Imam Ar-Razi mena’rifkan sebagai berikut:
بِاَنَّهَاعِبَارَةٌ عَنِ الْمَنْفَعَةِالَّتِيْ قَصَدَهَا الشَّارِعُ الْحَكِيْمُ لِعِبَادِهِ
فِى
حِفْظِ
دِيْنِهِمْ وَنُفُوْسِهِمْ وَعُقُوْلِهِمْ وَنَسْلِهِمْ وَاَمْوَالِهِمْ.

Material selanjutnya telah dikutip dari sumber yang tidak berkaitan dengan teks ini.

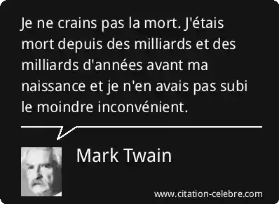 Je ne crains pas la mort. J'étais mort depuis des milliards et des milliards d'années avant ma naissance et je n'en avais pas subi le moindre inconvénient.
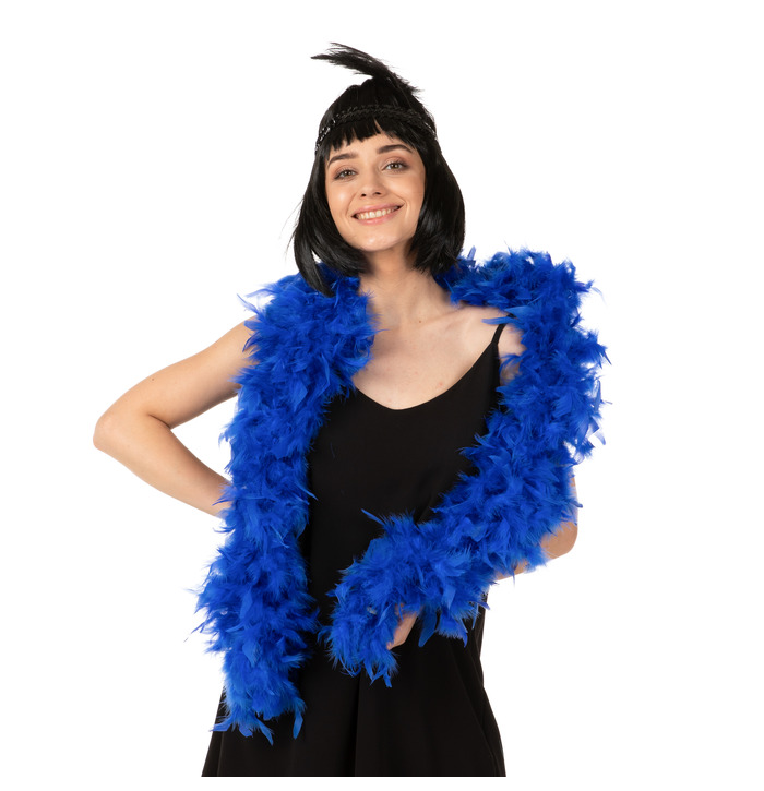 Our blue feather boa is the perfect accessory for 1920s flappers , wild west saloon girls or disco nights
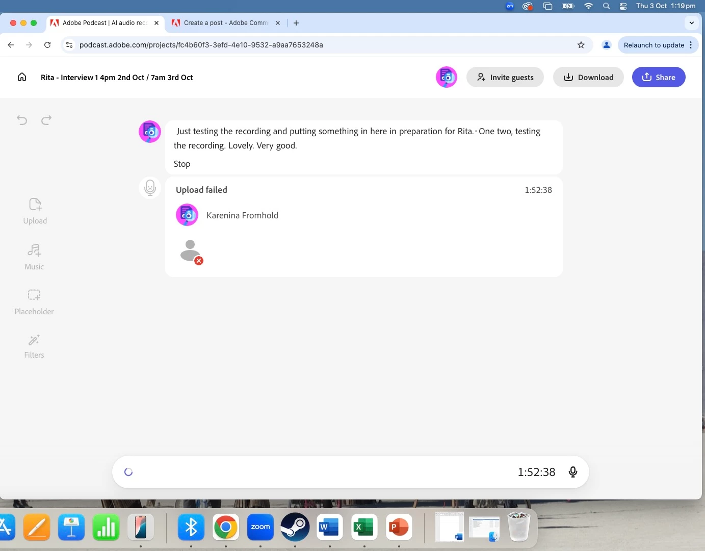 I just recorded an hour and 52 minutes of content with a remote client this morning, only to have an error message at the end that said Upload Failed. Can I get hold of my recording somehow? Also, is there a golden rule here? Should I only record 30 mins at a time? What is the limit - if there is a limit, so that I dont end up in this situation again?
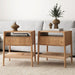 Wood Nightstand with Drawer & Seagrass Storage Light Brown (Set of 2)
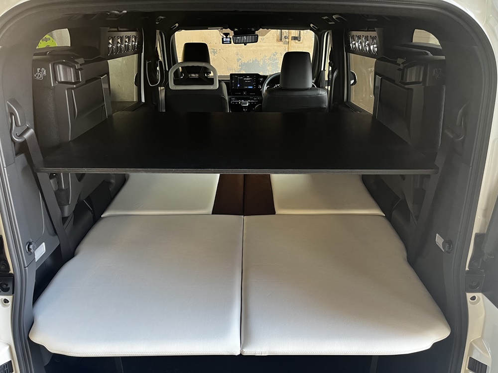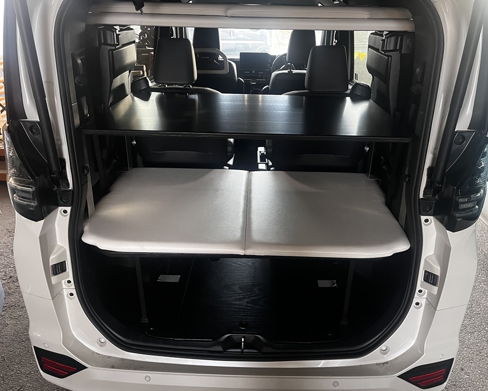 ただ、K様にも説明しましたが、たてまえ上は、あくまでも車中泊する際に荷物を置く為の後部棚板にて、『走行中は物を置かないで下さい』としてます
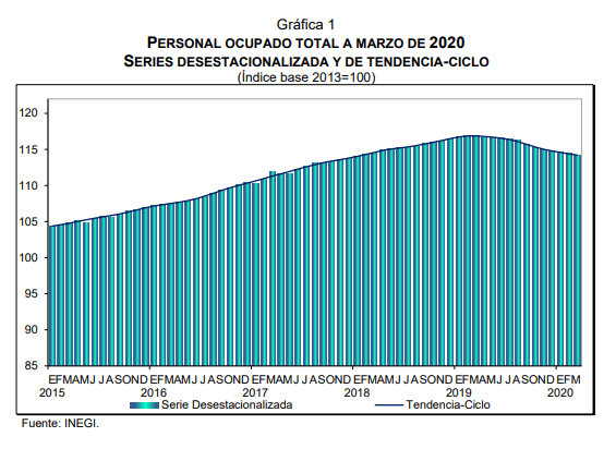 El Instituto Nacional de Estadística y Geografía (Inegi) informa que con base en los resultados de la Encuesta Mensual de la Industria Manufacturera (EMIM), durante marzo del presente año, el personal ocupado total del sector manufacturero registró una caída de (-)0.3% frente al mes inmediato anterior, con datos ajustados por estacionalidad. La captación de la Encuesta Mensual de la Industria Manufacturera (EMIM) correspondiente al mes de marzo, se realizó en los tiempos establecidos mediante Internet y asistencia telefónica con el fin de evitar el contacto presencial.
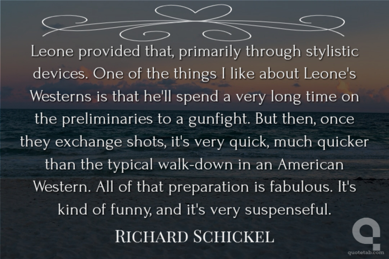 Leone provided that, primarily through stylistic devices, ... One of the things I like about Leone's Westerns is that he'll spend a very long time on the preliminaries to a gunfight. But then, once they exchange shots, it's very quick, much quicker than the typical walk-down in an American Western. All of that preparation is fabulous. It's kind of funny, and it's very suspenseful. Richard Schickel
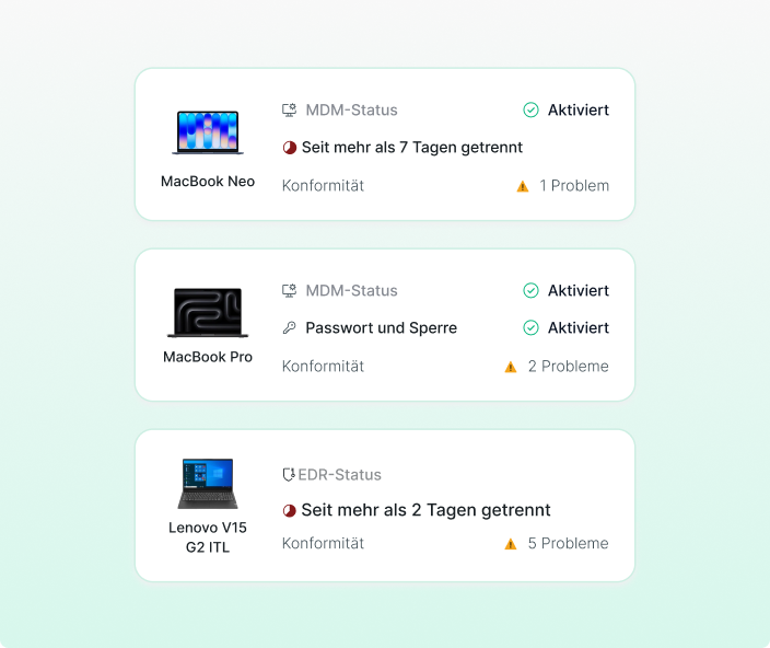 Reibungsloses Onboarding und OffboardingVerwandeln Sie HR-Änderungen in IT-Aktionen. Stellen Sie vom ersten Tag an das passende Gerät und die richtigen Zugriffe bereit und entfernen Sie Zugriffe sauber, wenn sich Rollen ändern oder jemand das Unternehmen verlässt.
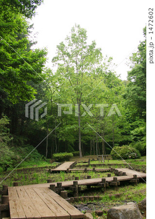 神奈川県中井町 厳島湿生公園の東屋と深緑
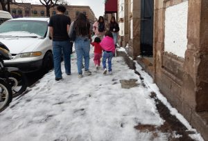 Tras la calma de la lluvia muchos morelianos y turistas salieron a tomarse sus fotos instagrameables y a «tocar» el hielo, al ser una experiencia que muy pocas veces se puede vivir.
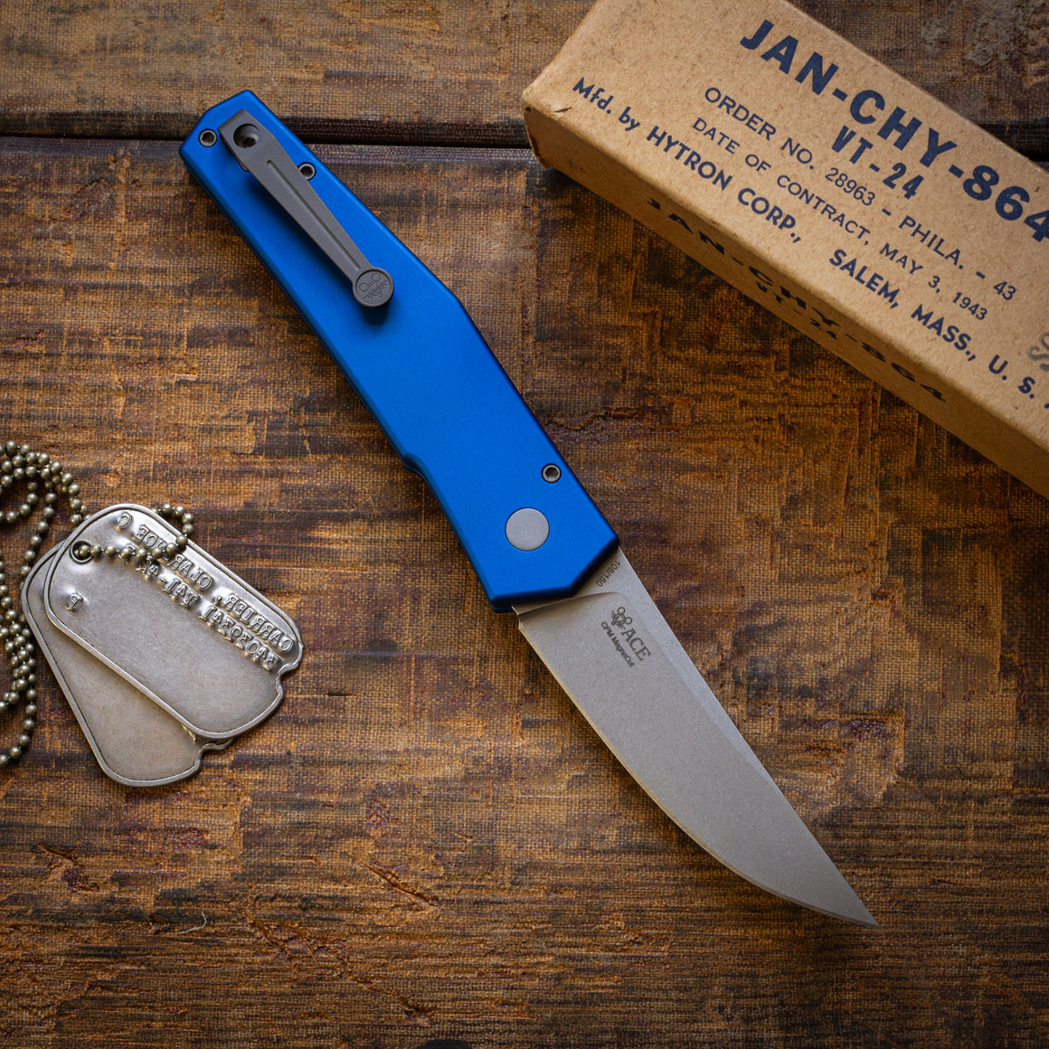 The ACE Elmer is built in the spirit of that resolve. It takes the clean attitude of the Clyde, scales it with purpose, and channels the capability of the GMX into an automatic that feels ready the moment you touch it. Our partnership with ProTech brings this design to life with crisp geometry, fast action, and American craftsmanship you can feel in every lock, line, and contour. This edition adds a cool, confident presence that suits the knife’s character, offering a finish that feels deliberate rather than decorative.

Artinya: “Maslahah ialah perbuatan yang
bermanfaat yang telah diperintahkan oleh Musyarri’ (Allah) kepada hamba-Nya
tentang pemeliharaan agamanya, jiwanya, akalnya, keturunannya, dan harta
bendanya.”
2.
Imam Al-Ghazali mena’rifkan sebagai berikut:
اَمَّاالْمَصْلَحَةُ فَهِيَ عِبَارَةٌ
فِى
الْاَصْلِ عَنْ
جَلْبِ مَنْفَعَةٍ اَوْدَفْعِ
مَضَرَّةٍ.
Artinya: “Maslahah pada dasarnya ialah meraih manfaat dan menolak
mudarat.”
3.
Menurut Muhammad Hasbi As-Siddiqi, Maslahah ialah:
اَلْمُحَافَظَةُ عَلَى مَقْصُوْدِ الشَّارِعِ بِدَفْعِ الْمَفَاسِلِعَنِ الْخَلْقِ.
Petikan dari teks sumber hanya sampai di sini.